Dezarrois ce soir, sur le même sujet, me dit la même chose. Ce n'était pourtant pas à moi à demander à mes amis d'écrire sur ma personne.

Martzloff m'avait fait dire qu'il viendrait probablement avec le préfet. Visite en vitesse. Ils sont restés cinq minutes, mais Martzloff et Lebret reviendront.

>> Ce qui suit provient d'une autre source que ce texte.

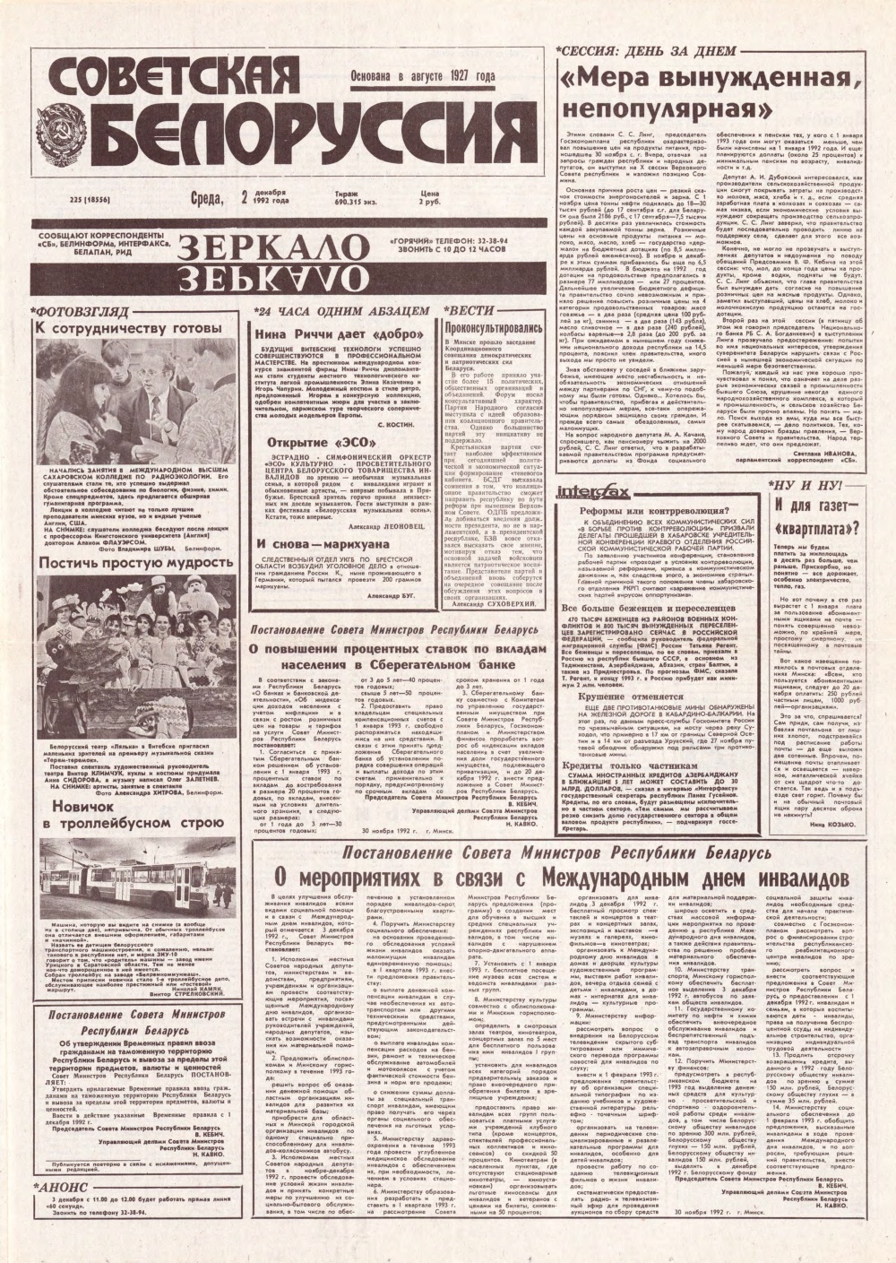 орган Центрального Комитета Коммунистической партии Белоруссии, Верховного Совета и Совета Министров БССР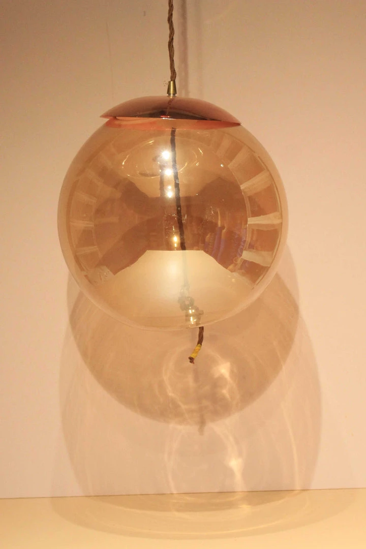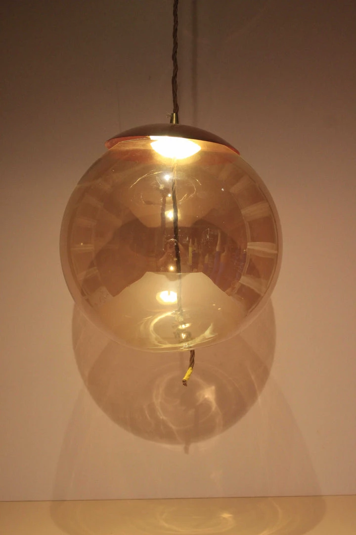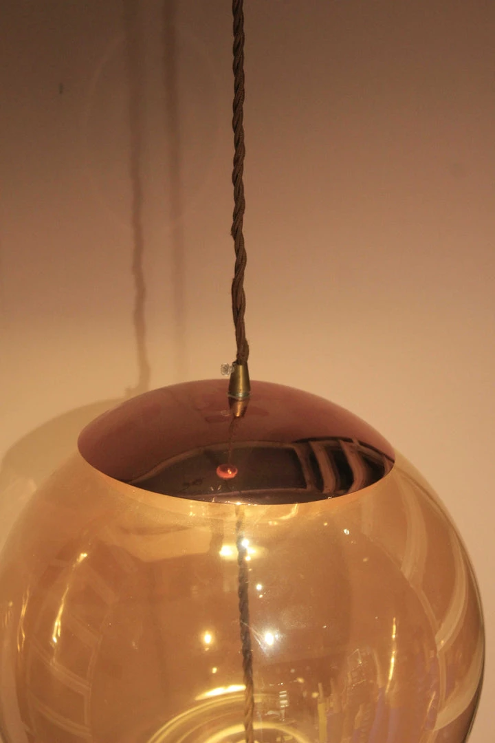 A charmingly transparent globe of light in amber. This lovely hanging light will bring a celestial aura to any interiors.

Fini ma journée aux Artistes décorateurs, à la plus grotesque séance qu'il soit possible d'imaginer. Ces malins ont eu l'idée d'organiser des séances de flagornerie, une pour les sénateurs écrivains, une pour les députés idem, une troisième pour les conseillers municipaux idem. Alors il y avait un type qui faisait d'abord un petit topo sur le sénateur, c'était la séance des pères conscrits, dont on allait lire ensuite un fragment d'œuvre. On nous disait : M. le sénateur X, a eu le second prix de grammaire en telle classe, le prix de calcul en telle autre, etc. Ainsi défilèrent devant nous Caillaux, [Paul-]Boncour, etc. Bérenger. C'est pour lui que j'étais venu. Il était un peu irrité, car c'est un homme intelligent, et n'était pas sans avoir saisi le ridicule de cette flatterie dénuée d'artifice.

7 [juin 1932]

Buste Louis Bréguet terminé. Il est bien. Rendez-vous avec la maison Lemoncé pour l'appareillage des pierres des fontaines[12]. Ils m'apportent un calepin brutal comme pour une maison en construction. Ils s'étonnent encore une fois de l'importance du travail. Comme je leur reprochais encore une fois de ne pas être venus se renseigner auprès de moi avant d'établir leurs prix, ils prétendent n'avoir pas su que c'était moi qui faisait la sculpture et n'avoir même appris qu'indirectement le nom des architectes. C'est d'ailleurs faux. Ces indications leurs ont été données à eux comme aux autres adjudicataires.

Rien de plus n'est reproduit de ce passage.